As you work through the listing below, copy each line exactly and drop the images.

##### DATA

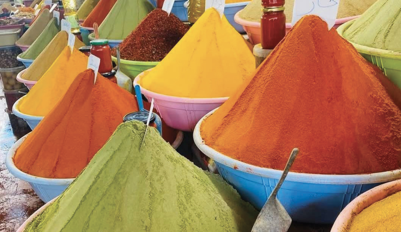 L’histoire de la ville plonge ses racines dans l’Antiquité. Ancienne cité punique puis romaine, elle fut longtemps un centre agricole et commercial important. Cette mémoire se découvre aujourd’hui au Musée archéologique de Nabeul, installé non loin du centre. À l’intérieur, mosaïques délicates, poteries anciennes et objets du quotidien racontent la vie des habitants d’autrefois. Le visiteur comprend alors que la richesse de Nabeul ne date pas d’hier, mais s’inscrit dans une continuité où chaque époque a laissé son empreinte. En sortant du musée, il suffit de marcher quelques minutes pour rejoindre le cœur vibrant de la ville : le Souk de Nabeul. Là, l’ambiance change immédiatement. Les odeurs d’épices flottent dans l’air mêlant la douceur de la cannelle, la force du cumin, la fraîcheur de la coriandre et la chaleur du piment séché. Par moments, une note de clou de girofle ou d’harissa s’intercale comme une invitation au voyage à travers la cuisine du Cap Bon.
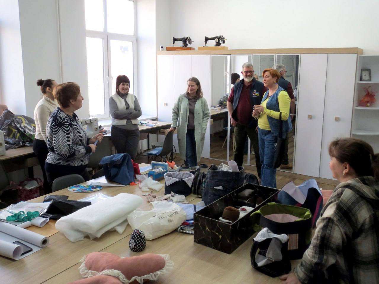 Представники фонду побували й у волонтерському «Центрі допомоги Олександрія», де побачили, як для жінок-ВПО видають гігієнічні набори, теж передані сюди за підтримки британських партнерів. Окремо відвідали швейну майстерню на базі Олександрійського будинку дитячої та юнацької творчості, де поспілкувалися з майстринями із числа вимушених переселенців, які навчаються шити на обладнанні, також переданому фондом «Друзі Олександрії».
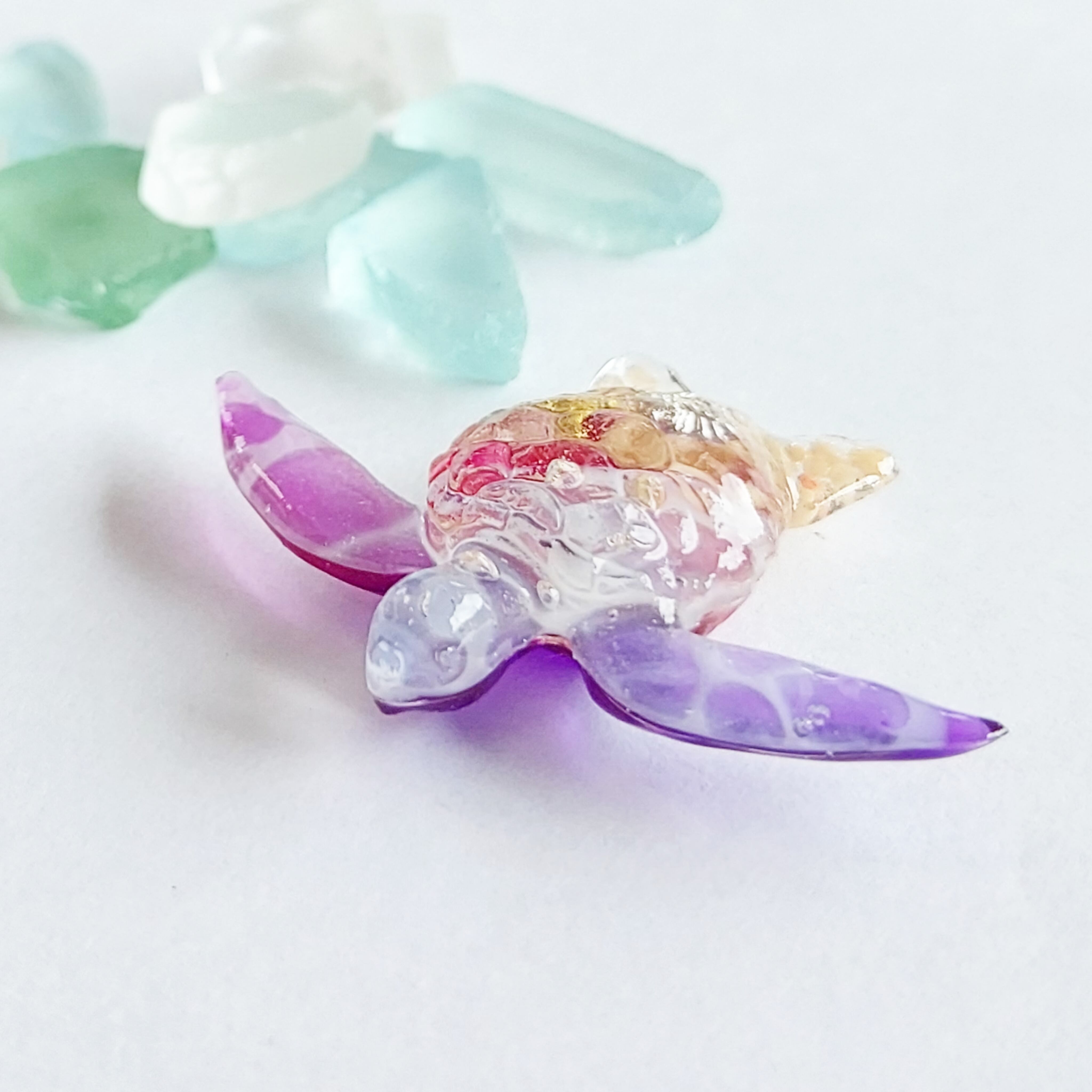 ホヌ(海ガメ)の中に、海の浜辺と波模様をとじ込め、虹色を合わせました。

##########

WRITTEN REPLY
 L’histoire de la ville plonge ses racines dans l’Antiquité. Ancienne cité punique puis romaine, elle fut longtemps un centre agricole et commercial important. Cette mémoire se découvre aujourd’hui au Musée archéologique de Nabeul, installé non loin du centre. À l’intérieur, mosaïques délicates, poteries anciennes et objets du quotidien racontent la vie des habitants d’autrefois. Le visiteur comprend alors que la richesse de Nabeul ne date pas d’hier, mais s’inscrit dans une continuité où chaque époque a laissé son empreinte. En sortant du musée, il suffit de marcher quelques minutes pour rejoindre le cœur vibrant de la ville : le Souk de Nabeul. Là, l’ambiance change immédiatement. Les odeurs d’épices flottent dans l’air mêlant la douceur de la cannelle, la force du cumin, la fraîcheur de la coriandre et la chaleur du piment séché. Par moments, une note de clou de girofle ou d’harissa s’intercale comme une invitation au voyage à travers la cuisine du Cap Bon.
 Представники фонду побували й у волонтерському «Центрі допомоги Олександрія», де побачили, як для жінок-ВПО видають гігієнічні набори, теж передані сюди за підтримки британських партнерів. Окремо відвідали швейну майстерню на базі Олександрійського будинку дитячої та юнацької творчості, де поспілкувалися з майстринями із числа вимушених переселенців, які навчаються шити на обладнанні, також переданому фондом «Друзі Олександрії».
 ホヌ(海ガメ)の中に、海の浜辺と波模様をとじ込め、虹色を合わせました。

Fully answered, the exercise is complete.